- WHAT IS EXPECTED
A word-for-word copy of the listing, free of images, is the expected answer.

START SUPPLIED ENTRIES

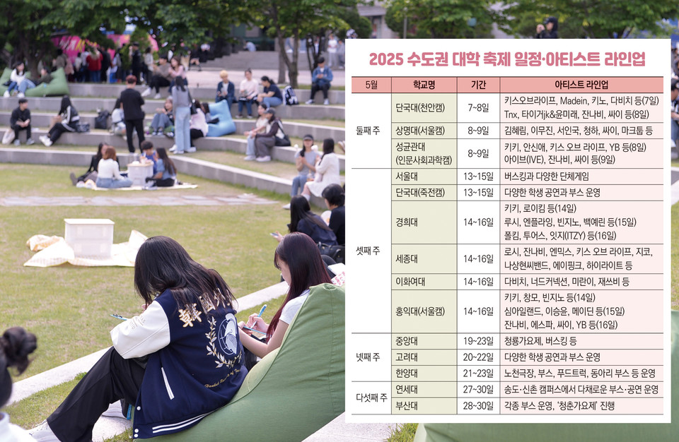 ■ 5월 둘째 주… 성균관대·상명대 등 = 단국대학교 천안캠퍼스는 7~8일 대동제를 개최한다. 다채로운 부스와 각종 행사가 열리는 가운데 키스 오브 라이프, MADEIN, 다비치, 잔나비, 타이거JK&윤미래, 싸이 등의 아티스트 공연을 준비했다.
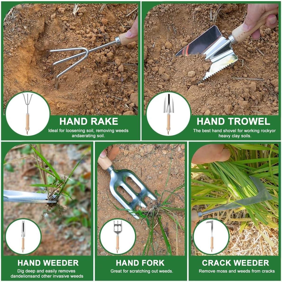 - Ergonomic Non-Slip Handles: Thoughtfully designed for maximum comfort and control, the non-slip wooden handles fit comfortably in hands of all sizes. Whether you're using the pitchfork for turning compost or other tools for digging, carrying, weeding, planting, and pruning, these handles make every task effortless, enhancing both functionality and user experience.
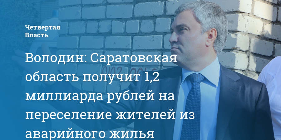 В Саратовской области из аварийного и ветхого жилья будет переселен 1841 человек, а на эти цели будет выделено 1,2 миллиарда рублей. Об этом заявил председатель Государственной думы Вячеслав Володин, видео с заявлением публиковано на странице volodin.saratov в «Инстаграме*».
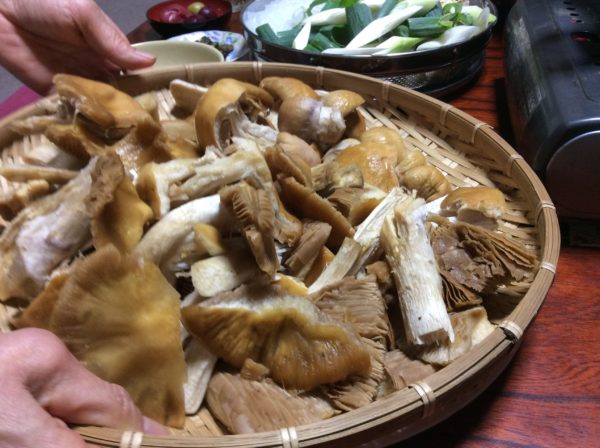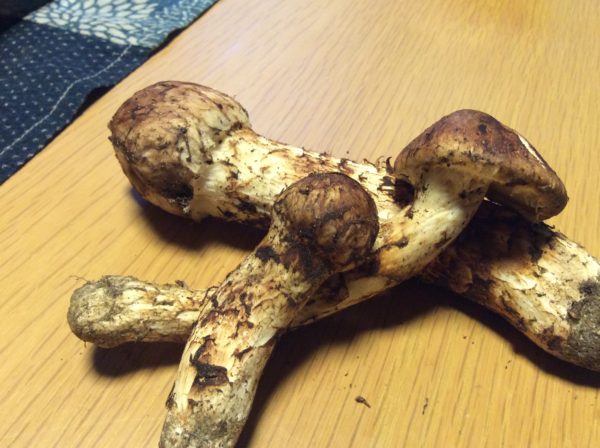 日向の池上節子さんが「ちょ登ってキノコ見に行こうか」と誘って下さり春にワラビを採りに登って行った道沿いの山に入った。先客があったようで塩漬け用のキノコを少々と栗を拾い戻って来た。 ん?玄関先のテーブルに何かある….袋の中はいっぱいのキノコ! ズボウと松茸しかわからないが。誰?そりゃ仙人でしょ! 下ごしらえの仕方教えるからと来てくれ大きくて黒っぽい奇妙なカタチのは香茸とわかった。産直に並んでいるのは小さくて別ものだった。
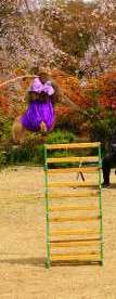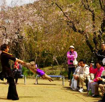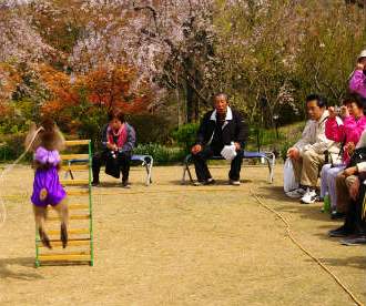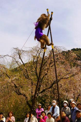 ![]() 竹馬に乗るまでの準備を、猿が自分で担いで乗るには感心した。 降りるのは調教師に倒れこんで受け止めてもらっていました。 |
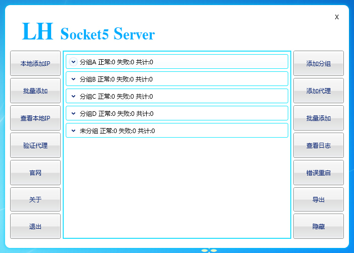 蓝恒Socket5服务器是一款用于在Windows系统下架设Socket5代理的服务器程序,可对客户端提供各类相关网络服。Socket5代理为一种互谅网类似于Http代理的一种高效稳定的代理,可用户代理各类相关网络服务。程序支持账户批量生成,批量管理,可完全根据您的设定设置用户代理的可用是,支持IP与端口的完全自定等。
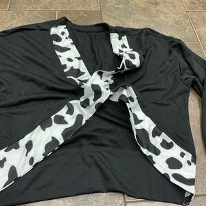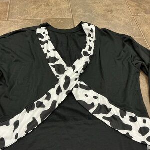 NWT Open back shirt, Front of shirt is black, criss cross white pattern on back. Stylish black and white women's top featuring a unique cross pattern on the back. Perfect for casual outings or a chic look. Criss cross crew neck, loose pullover
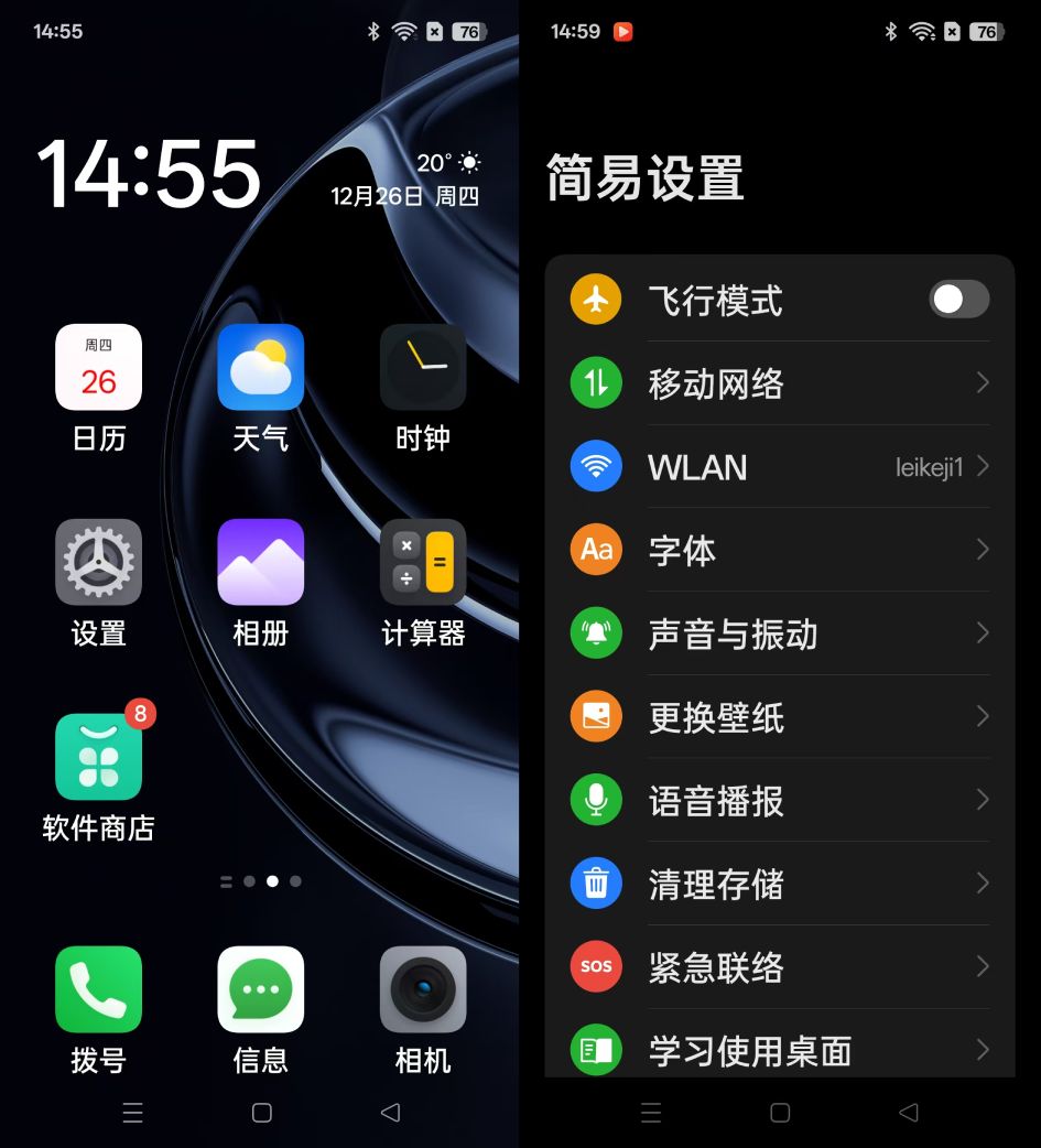 以OPPO为例。“老年模式”(ColorOS中的名称是“简单模式”)启动后,手机的字体、图标、App布局都会发生变化,甚至外部音量也会相对较高,可以算是一些适合老年人的变化。
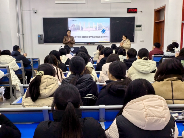 为加强校际教育合作,搭建研究生招生与人才培养交流平台,帮助师范类学子明晰考研方向,2025年12月10日,南京信息工程大学教师教育学院徐梅丹博士应邀莅临我校william威廉中文,开展研究生招生专场宣讲会。william威廉中文60余名有志报考该校的学生参与活动,现场交流氛围热烈。
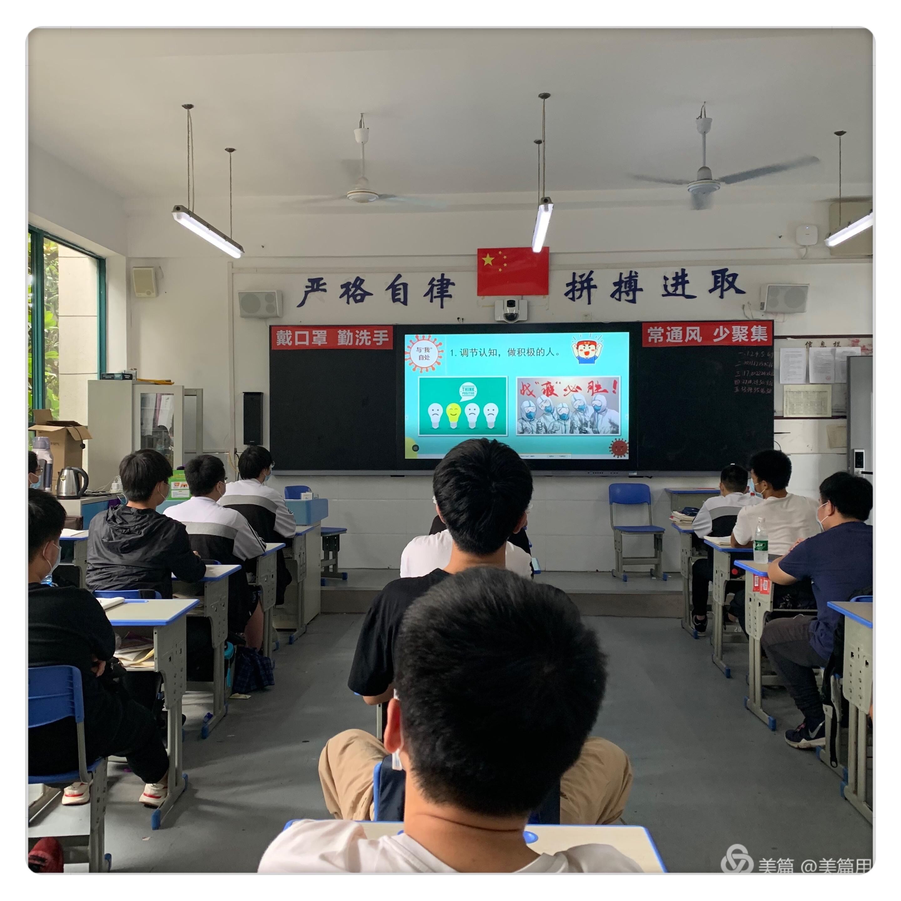班会前期,学工处、校团委通过线上线下收集家长委员会和学生关注的问题及心理困惑进行分年级摸底。17级重点针对复学在校的学生如何缓解考试压力和其它方面的心理困惑,在非常时期如何保重好自己的身体;居家备考的学生如何合理制定备考学习计划,同时及时关注学校发布的高考相关信息。18级、19级重点针对居家的学生如何合理安排时间,制定学习目标,培养有益于身心健康的兴趣爱好;对居家的学生如何提高上网课的兴趣和效率加以指导;居家的学生如何和家长沟通,营造和谐的家庭氛围;居家的学生如何调适面对疫情的心理等。
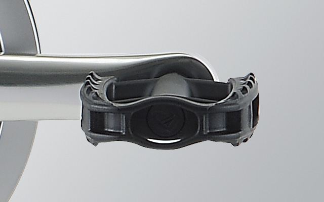 パンプスなどで乗っても滑りにくく靴底を痛めにくい、新設計の軽量プラスチックペダル。
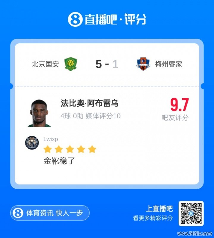 中超收官战,法比奥演出大四喜,匡助北京国安主场5-1大捷梅州客家,个东谈主也以30场28球成为本赛季中超金靴,本轮最好实至名归!
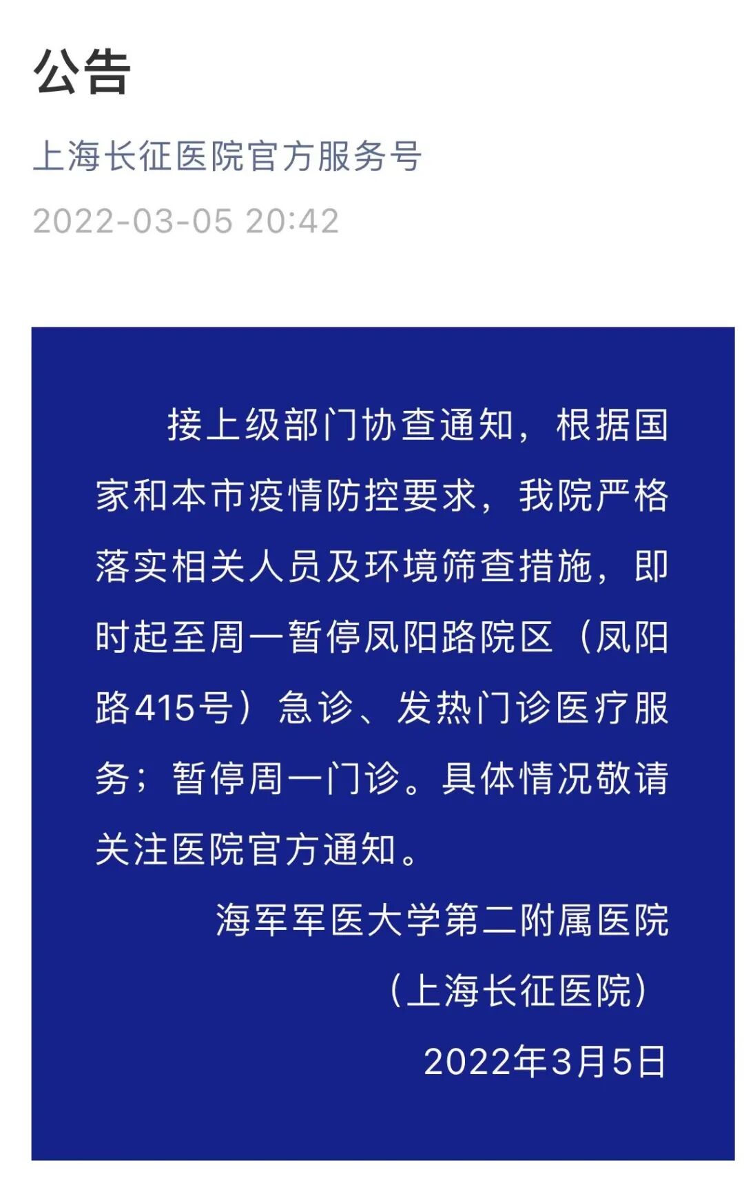 3月5日晚,上海长征医院官方服务号发布公告,接上级部门协查通知,根据国家和本市疫情防控要求,海军军医大学第二附属医院(上海长征医院)严格落实相关人员及环境筛查措施,即时起至周一暂停凤阳路院区(凤阳路415号)急诊、发热门诊医疗服务;暂停周一门诊。具体情况敬请关注医院官方通知。

END SUPPLIED ENTRIES

- EXERCISE ANSWER
 ■ 5월 둘째 주… 성균관대·상명대 등 = 단국대학교 천안캠퍼스는 7~8일 대동제를 개최한다. 다채로운 부스와 각종 행사가 열리는 가운데 키스 오브 라이프, MADEIN, 다비치, 잔나비, 타이거JK&윤미래, 싸이 등의 아티스트 공연을 준비했다.
 - Ergonomic Non-Slip Handles: Thoughtfully designed for maximum comfort and control, the non-slip wooden handles fit comfortably in hands of all sizes. Whether you're using the pitchfork for turning compost or other tools for digging, carrying, weeding, planting, and pruning, these handles make every task effortless, enhancing both functionality and user experience.
 В Саратовской области из аварийного и ветхого жилья будет переселен 1841 человек, а на эти цели будет выделено 1,2 миллиарда рублей. Об этом заявил председатель Государственной думы Вячеслав Володин, видео с заявлением публиковано на странице volodin.saratov в «Инстаграме*».
 日向の池上節子さんが「ちょ登ってキノコ見に行こうか」と誘って下さり春にワラビを採りに登って行った道沿いの山に入った。先客があったようで塩漬け用のキノコを少々と栗を拾い戻って来た。 ん?玄関先のテーブルに何かある….袋の中はいっぱいのキノコ! ズボウと松茸しかわからないが。誰?そりゃ仙人でしょ! 下ごしらえの仕方教えるからと来てくれ大きくて黒っぽい奇妙なカタチのは香茸とわかった。産直に並んでいるのは小さくて別ものだった。
 ![]() 竹馬に乗るまでの準備を、猿が自分で担いで乗るには感心した。 降りるのは調教師に倒れこんで受け止めてもらっていました。 |
 蓝恒Socket5服务器是一款用于在Windows系统下架设Socket5代理的服务器程序,可对客户端提供各类相关网络服。Socket5代理为一种互谅网类似于Http代理的一种高效稳定的代理,可用户代理各类相关网络服务。程序支持账户批量生成,批量管理,可完全根据您的设定设置用户代理的可用是,支持IP与端口的完全自定等。
 NWT Open back shirt, Front of shirt is black, criss cross white pattern on back. Stylish black and white women's top featuring a unique cross pattern on the back. Perfect for casual outings or a chic look. Criss cross crew neck, loose pullover
 以OPPO为例。“老年模式”(ColorOS中的名称是“简单模式”)启动后,手机的字体、图标、App布局都会发生变化,甚至外部音量也会相对较高,可以算是一些适合老年人的变化。
 为加强校际教育合作,搭建研究生招生与人才培养交流平台,帮助师范类学子明晰考研方向,2025年12月10日,南京信息工程大学教师教育学院徐梅丹博士应邀莅临我校william威廉中文,开展研究生招生专场宣讲会。william威廉中文60余名有志报考该校的学生参与活动,现场交流氛围热烈。
班会前期,学工处、校团委通过线上线下收集家长委员会和学生关注的问题及心理困惑进行分年级摸底。17级重点针对复学在校的学生如何缓解考试压力和其它方面的心理困惑,在非常时期如何保重好自己的身体;居家备考的学生如何合理制定备考学习计划,同时及时关注学校发布的高考相关信息。18级、19级重点针对居家的学生如何合理安排时间,制定学习目标,培养有益于身心健康的兴趣爱好;对居家的学生如何提高上网课的兴趣和效率加以指导;居家的学生如何和家长沟通,营造和谐的家庭氛围;居家的学生如何调适面对疫情的心理等。
 パンプスなどで乗っても滑りにくく靴底を痛めにくい、新設計の軽量プラスチックペダル。
 中超收官战,法比奥演出大四喜,匡助北京国安主场5-1大捷梅州客家,个东谈主也以30场28球成为本赛季中超金靴,本轮最好实至名归!
 3月5日晚,上海长征医院官方服务号发布公告,接上级部门协查通知,根据国家和本市疫情防控要求,海军军医大学第二附属医院(上海长征医院)严格落实相关人员及环境筛查措施,即时起至周一暂停凤阳路院区(凤阳路415号)急诊、发热门诊医疗服务;暂停周一门诊。具体情况敬请关注医院官方通知。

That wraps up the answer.